Weirdly, after a lifetime of holidays on the West coast and despite spending a lot of time at my folks' place on Skye, the worst midges I've ever encountered were at the Keilder campsite - wide valley, slow-running river and a sunny windless evening. My reaction to the millions of bites was so bad, that a week later I had to take the Newcastle to Sunderland metro with blood streaming down my legs and staining my jeans!
But I've never seen clouds of them like I saw in Sligichan a few years ago... Fortunately, we were in a camper van and just stuffed clothes into every tiny gap and entrance. The windows were quite literally black with midges and we pissed into bottles - there was no way that door was getting opened 😯
Moving about is fine, when you stop, make sure you are covered head to toe and have a hood up. spray your hair and hood with deet(don't get that stuff anywhere near your mouth though, tis disgusting.)
Official camp sites are horrible, elsewhere, sit about for a minute or 2 before picking a spot and you'll soon know if you should move on or not.
Moving about usually works but isn't foolproof. I stupidly failed to apply repellent when doing 10 under the ben a few years ago. Riding through thick clouds of the ****ers near the end of the course. Counted over 400 bites on one leg, the other leg didn't look much different.

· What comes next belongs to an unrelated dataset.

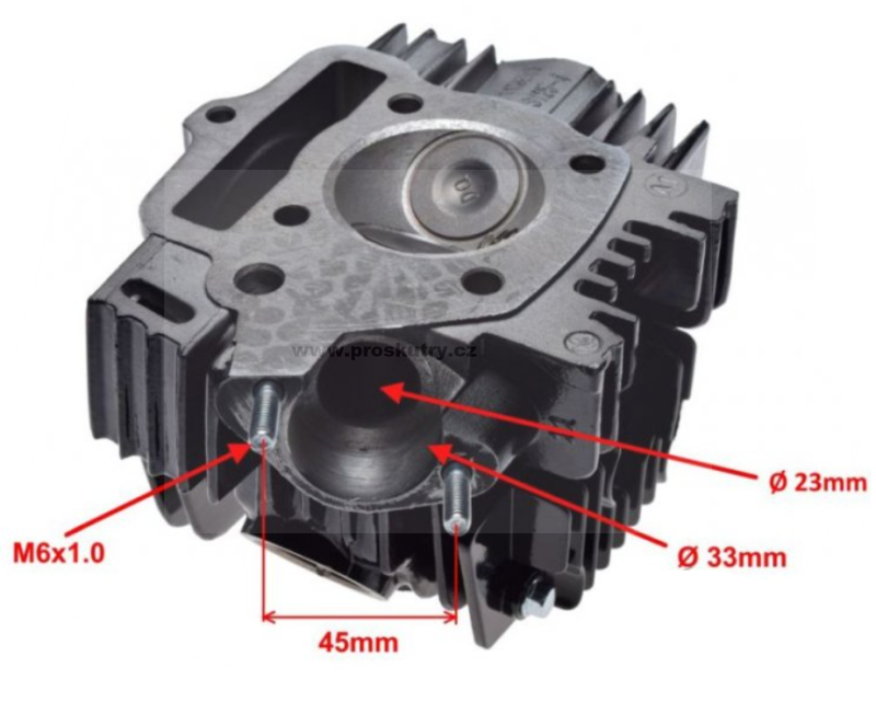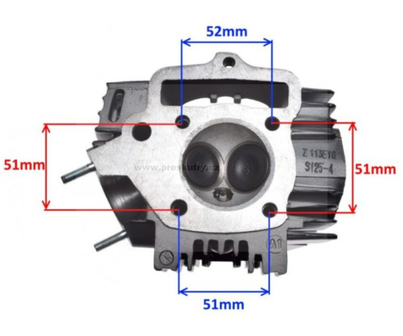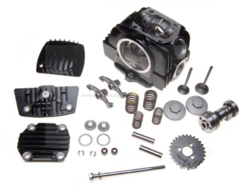 průměr spalovací komory: 55mm průměr otvoru pro řetězové kolo: 62 mm závit zapalovací svíčky: M12x1,25 ozubené kolo vačkového hřídele: rozteč montážních otvorů: 21 x 21 x 24mm průměr sedla: 17mm počet zubů: 28 průměr: 59mm |
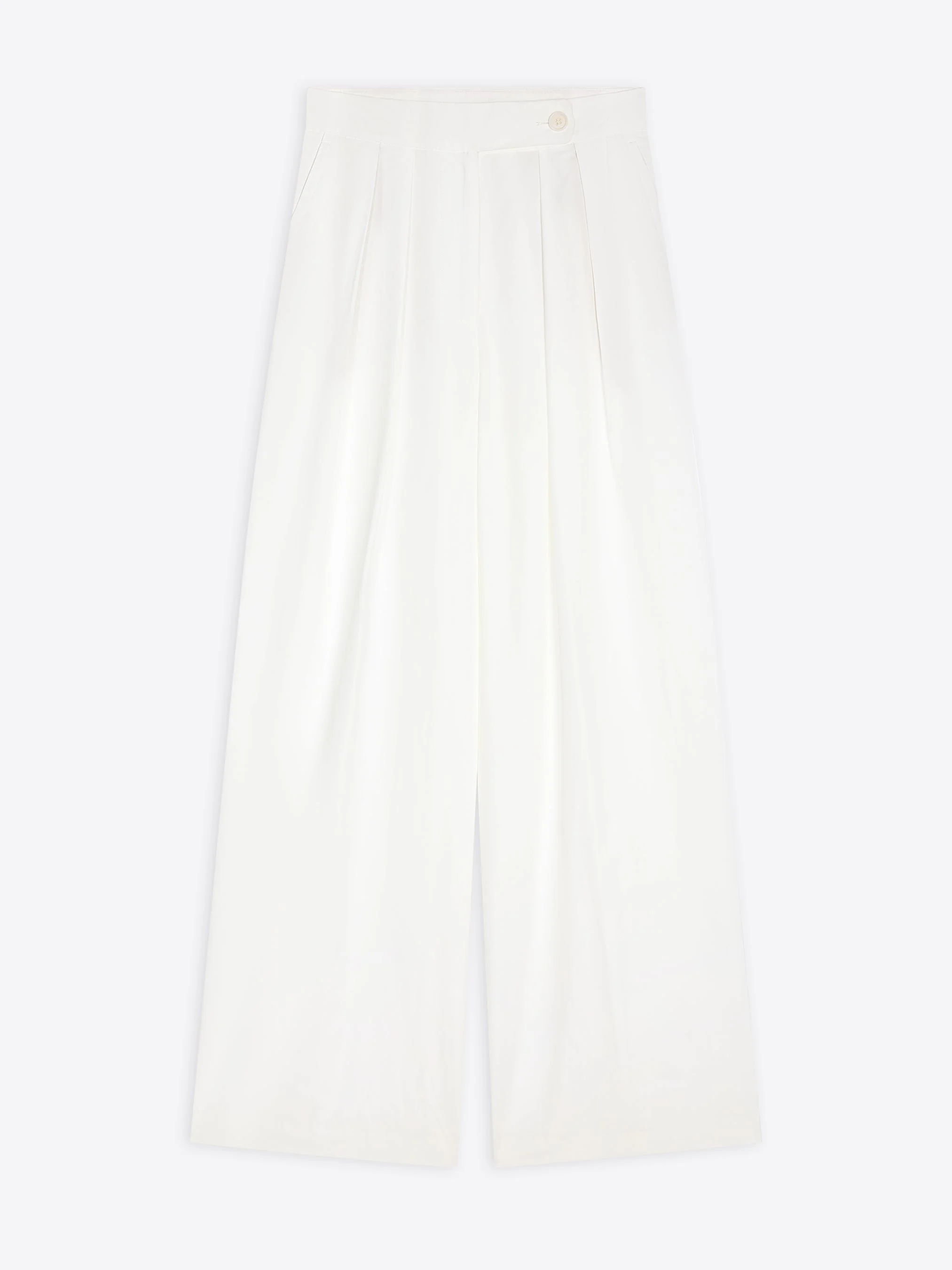 Wide pleated pants in midweight cotton polyester blend. DETAILS - 100% Midweight Cotton. - Regular fit. Low rise. Pleated. Wide leg. Side slit pockets. Front button and zip closure. - Ref: 251-070903-1042 SIZE AND FIT Model is 179 cm / 70.5 inches and wears size 36.

Worst places from memory are Inversnaid, Minard in Argyll and camping by the Kingshouse in Glencoe. Black swarms of evil, all of them.
PS Jungle Formula will dissolve the strap of a Polar HRM and any nylon flysheet it encounters. God knows what it does to skin.
When I was an apprentice, I was sent away with a few lads on an outward bound week up near lock Eil, nr fort william. on the second night of our hiking expedition we erected our tents on the side of a hill and decided to cook higher up where there was a little wind to try and escape the midges that had plagued us for days. All was going well until we noticed one of the tents smoking away down the hill.
Macca must have flicked his cig to near the flysheet! We legged it down the hill to put the thing out, but as we neared the tent I realised that was no smoke but a swarm of frickin midges! Unable to stop for our momentum and the gradient of the hill, we ran right through the lot. No jungle juice would have saved us from the proceeding feast. Needles to say I'll not be returning in midge season ever again.